▶ _EXTRACTED RECORDS_:
□ □ □

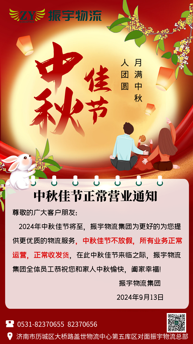 2024年中秋佳節将至,振宇物流集團爲更好的爲您提供更優質的物流服務,中秋佳節不放假,所有業務正常運營,正常收發貨,在此中秋佳節來臨之際,振宇物流集團全體員工恭祝您和家人中秋愉快,阖家幸福!
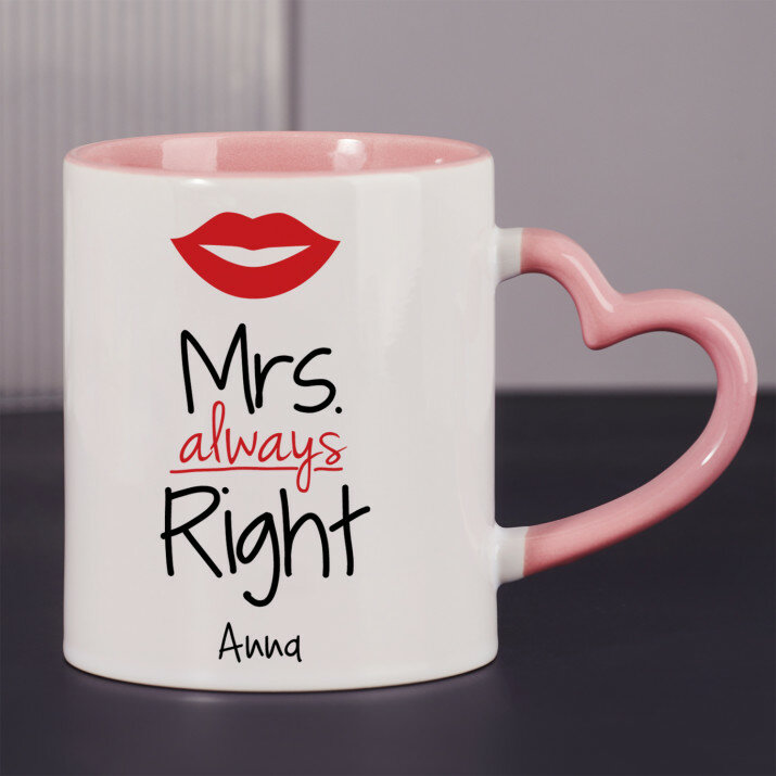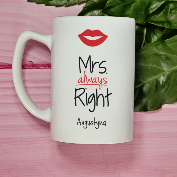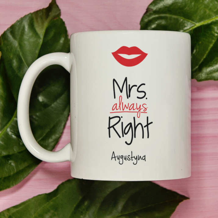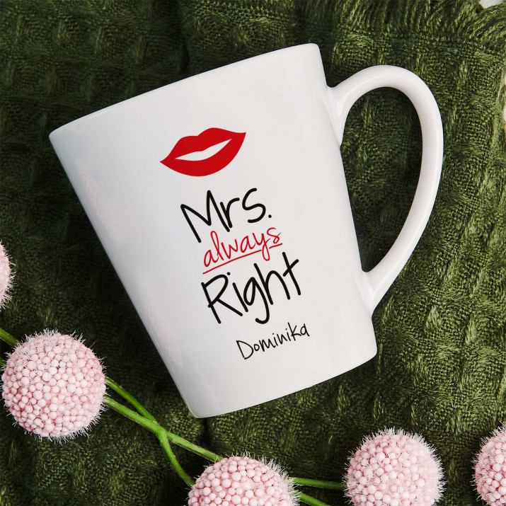 Kubek Mrs. Always Right to doskonały prezent dla mojej żony. Uwielbia go i codziennie używa z uśmiechem.
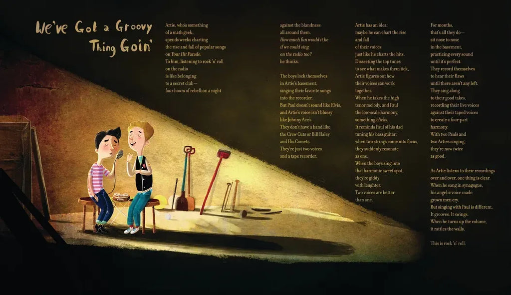 Long before they became one of the most beloved and successful duos of all time, Paul Simon and Art Garfunkel were just two kids growing up in Queens, New York — best friends who met in a sixth-grade production of Alice in Wonderland and bonded over girls, baseball, and rock ’n’ roll. As teens, they practiced singing into a tape recorder, building harmonies that blended their now-famous voices until they sounded just right. They wrote songs together, pursued big-time music producers, and dreamed of becoming stars, never imagining how far their music would take them. Against a backdrop of street-corner doo-wop gangs, the electrifying beginnings of rock ’n’ roll, and the rise of the counterculture folk music scene, G. Neri and David Litchfield chronicle the path that led two young boys from Queens to teenage stardom and back to obscurity, before finding their own true voices and captivating the world with their talent. Back matter includes an afterword, a discography, a bibliography, and a fascinating list of song influences.
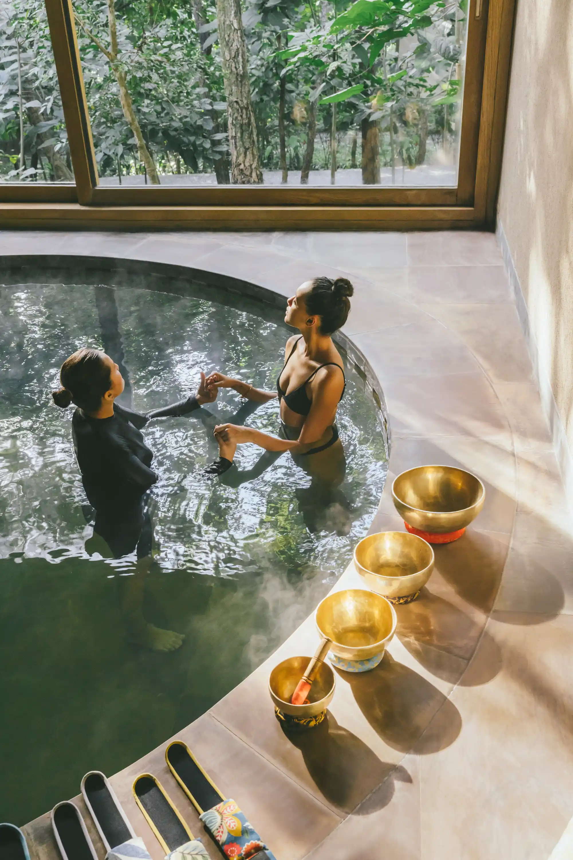 Tout au long de la journée, vous pourrez profiter librement des espaces thermaux - sauna, bassin Watsu, piscine intérieure, bains froids - en alternant chaleur et temps de repos.
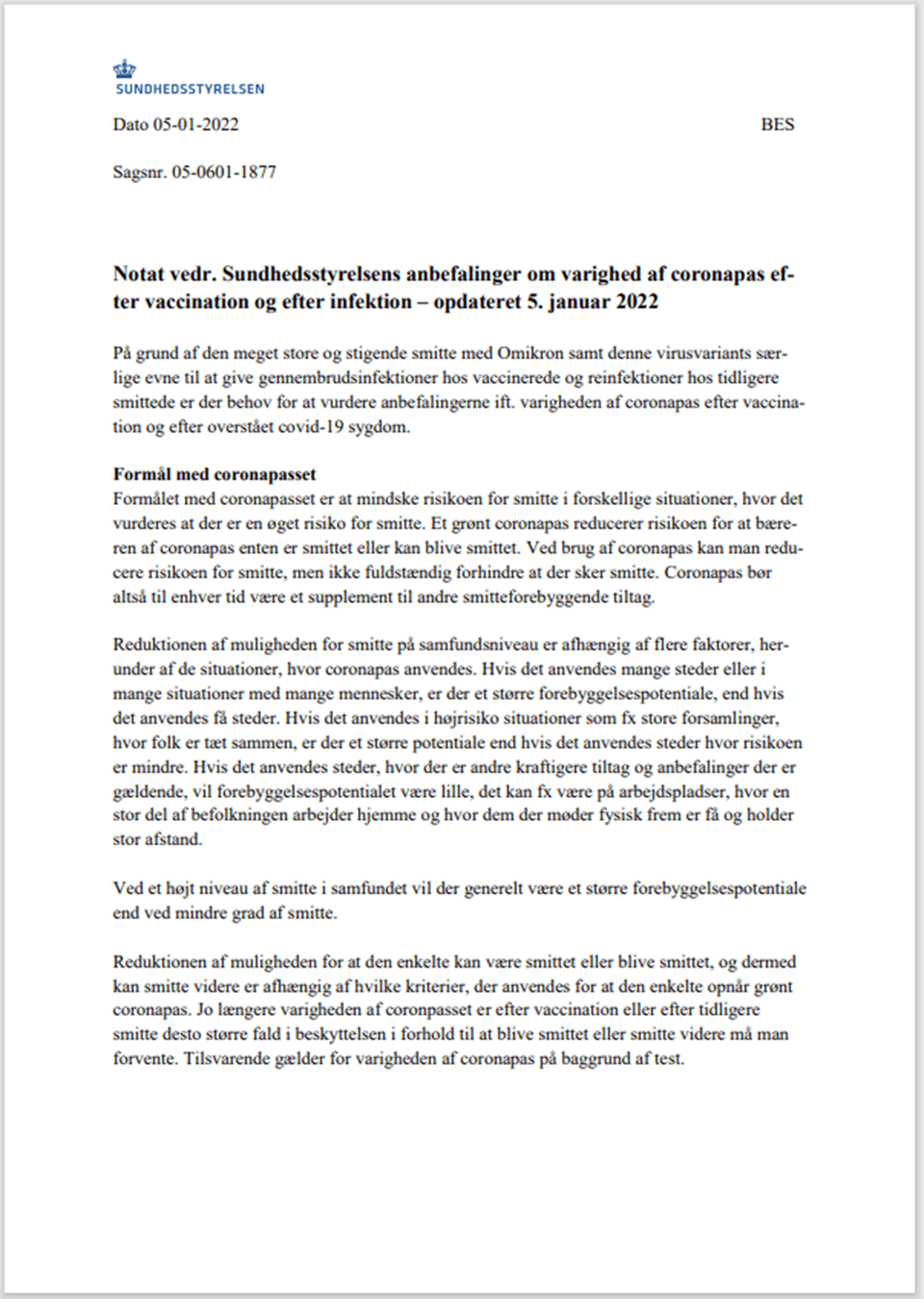 Titel: Notat vedr. Sundhedsstyrelsens anbefalinger om varighed af coronapas efter vaccination og efter infektion – opdateret 5. januar 2022
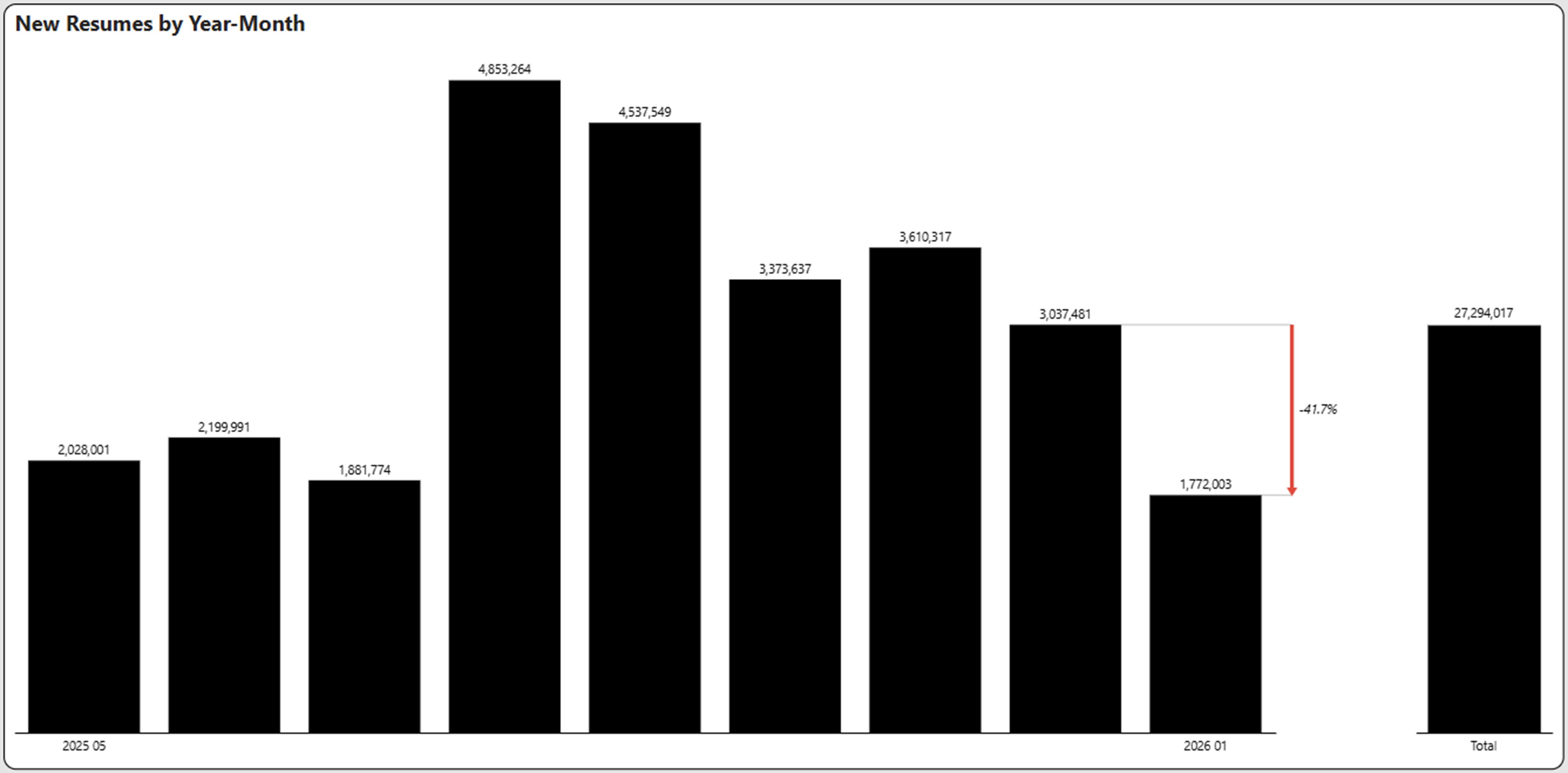 In a month-to-month comparison, new resumes decreased 41.7% in January compared to December.
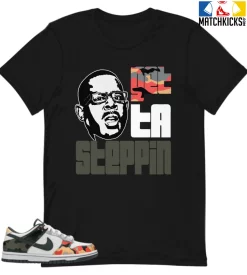 T-Shirt – Nike Dunk Low SE GS Sail Multi-Camo – Sneaker-Matching T-Shirt (GET TA STEPPIN with MARTIN) is a high quality sneaker-matching T-Shirt designed to match your Nike Dunk Low SE GS Sail Multi-Camo sneakers. – This Tee is designed with the exact colors to match with a premium look and feel. We only use the best materials and inks to produce our merchandise. All sizes are true to size.
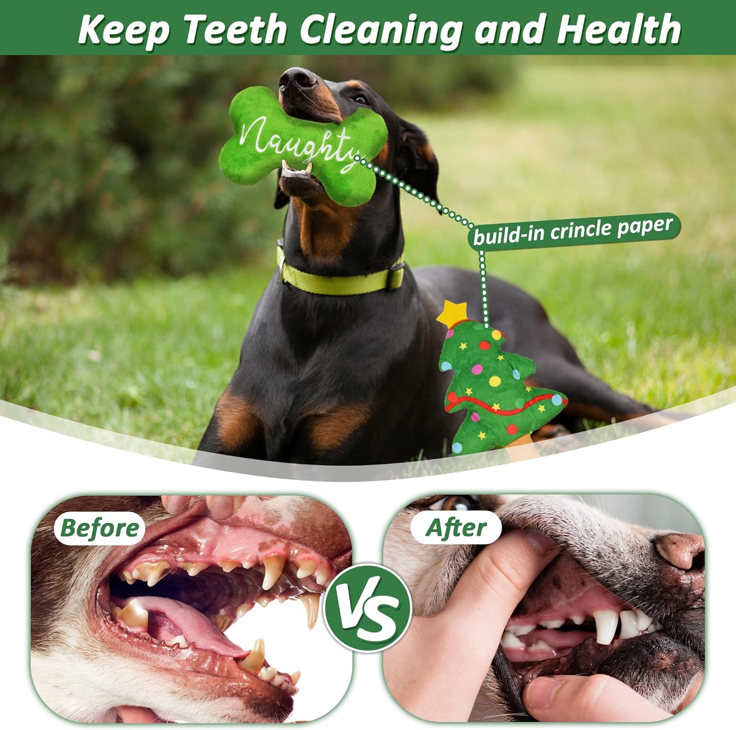 - 【Christmas Dog Toys Set】This dog toys pack include Santa Claus, Gingerbread Man, Christmas tree and green bone. The best Christmas gift for your fur friends

□ □ □

▶ _WORK TASK_: What you return should be only the lines from the line with "In a month-to-month" through the last line of the listing above, exactly, both ends included, pictures excluded.

▶ _FINAL ANSWER_:
 In a month-to-month comparison, new resumes decreased 41.7% in January compared to December.
 T-Shirt – Nike Dunk Low SE GS Sail Multi-Camo – Sneaker-Matching T-Shirt (GET TA STEPPIN with MARTIN) is a high quality sneaker-matching T-Shirt designed to match your Nike Dunk Low SE GS Sail Multi-Camo sneakers. – This Tee is designed with the exact colors to match with a premium look and feel. We only use the best materials and inks to produce our merchandise. All sizes are true to size.
 - 【Christmas Dog Toys Set】This dog toys pack include Santa Claus, Gingerbread Man, Christmas tree and green bone. The best Christmas gift for your fur friends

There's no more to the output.